- _WORK ORDER_: When you reach the line containing "年少さんの歌と合奏では、手振りをしながら歌をうたっていました。" in the entries below, begin reproducing lines exactly, and stop once the line containing "This set of" is done.

- _INPUT RECORDS_:
_____

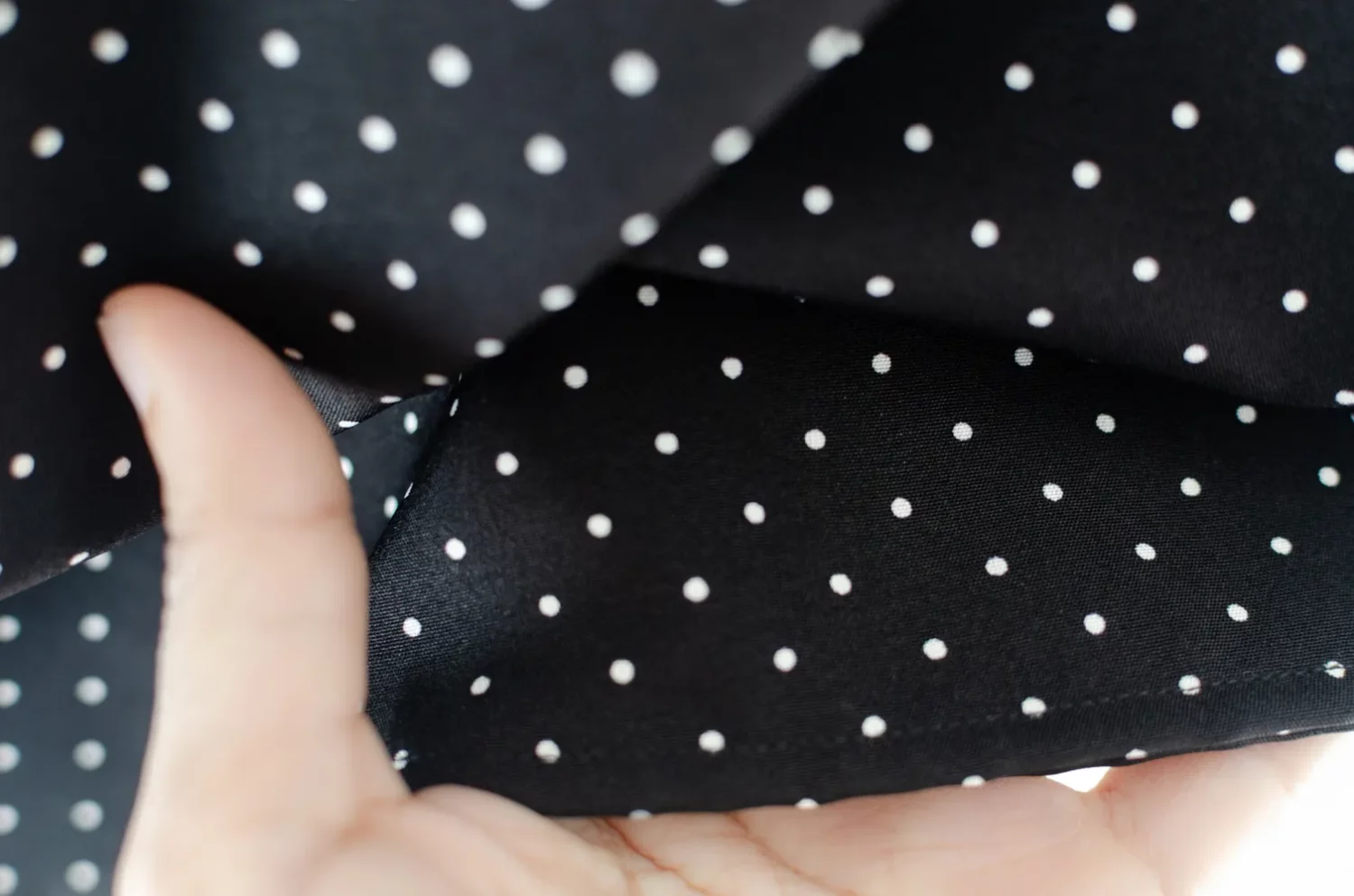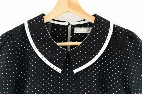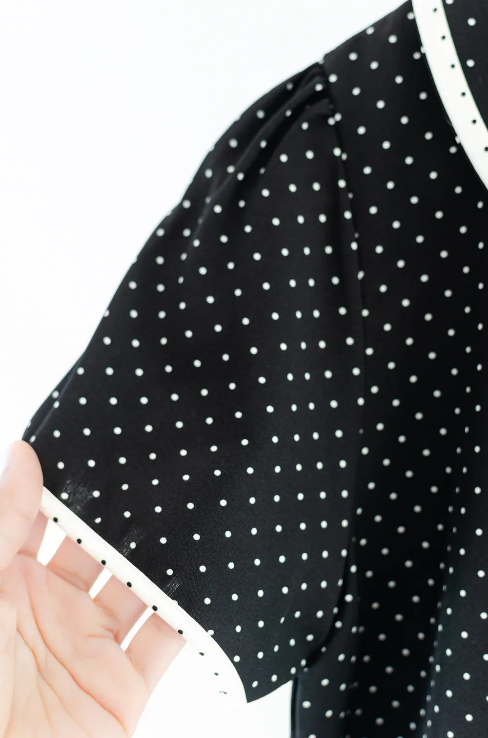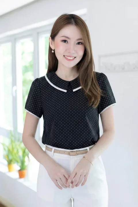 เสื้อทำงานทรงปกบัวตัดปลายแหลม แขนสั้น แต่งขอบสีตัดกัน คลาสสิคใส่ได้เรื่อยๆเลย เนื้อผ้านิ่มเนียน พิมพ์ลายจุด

_____

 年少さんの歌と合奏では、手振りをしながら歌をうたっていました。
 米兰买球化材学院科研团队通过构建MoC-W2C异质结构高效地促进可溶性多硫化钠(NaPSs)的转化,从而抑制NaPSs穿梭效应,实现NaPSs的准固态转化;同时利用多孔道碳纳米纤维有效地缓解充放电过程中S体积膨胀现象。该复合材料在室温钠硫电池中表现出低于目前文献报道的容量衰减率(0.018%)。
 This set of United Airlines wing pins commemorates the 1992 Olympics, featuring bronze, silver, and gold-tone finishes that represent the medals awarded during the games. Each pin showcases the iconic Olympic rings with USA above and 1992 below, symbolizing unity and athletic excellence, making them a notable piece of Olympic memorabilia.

_____

- _SOLUTION TO THIS TASK_:
 年少さんの歌と合奏では、手振りをしながら歌をうたっていました。
 米兰买球化材学院科研团队通过构建MoC-W2C异质结构高效地促进可溶性多硫化钠(NaPSs)的转化,从而抑制NaPSs穿梭效应,实现NaPSs的准固态转化;同时利用多孔道碳纳米纤维有效地缓解充放电过程中S体积膨胀现象。该复合材料在室温钠硫电池中表现出低于目前文献报道的容量衰减率(0.018%)。
 This set of United Airlines wing pins commemorates the 1992 Olympics, featuring bronze, silver, and gold-tone finishes that represent the medals awarded during the games. Each pin showcases the iconic Olympic rings with USA above and 1992 below, symbolizing unity and athletic excellence, making them a notable piece of Olympic memorabilia.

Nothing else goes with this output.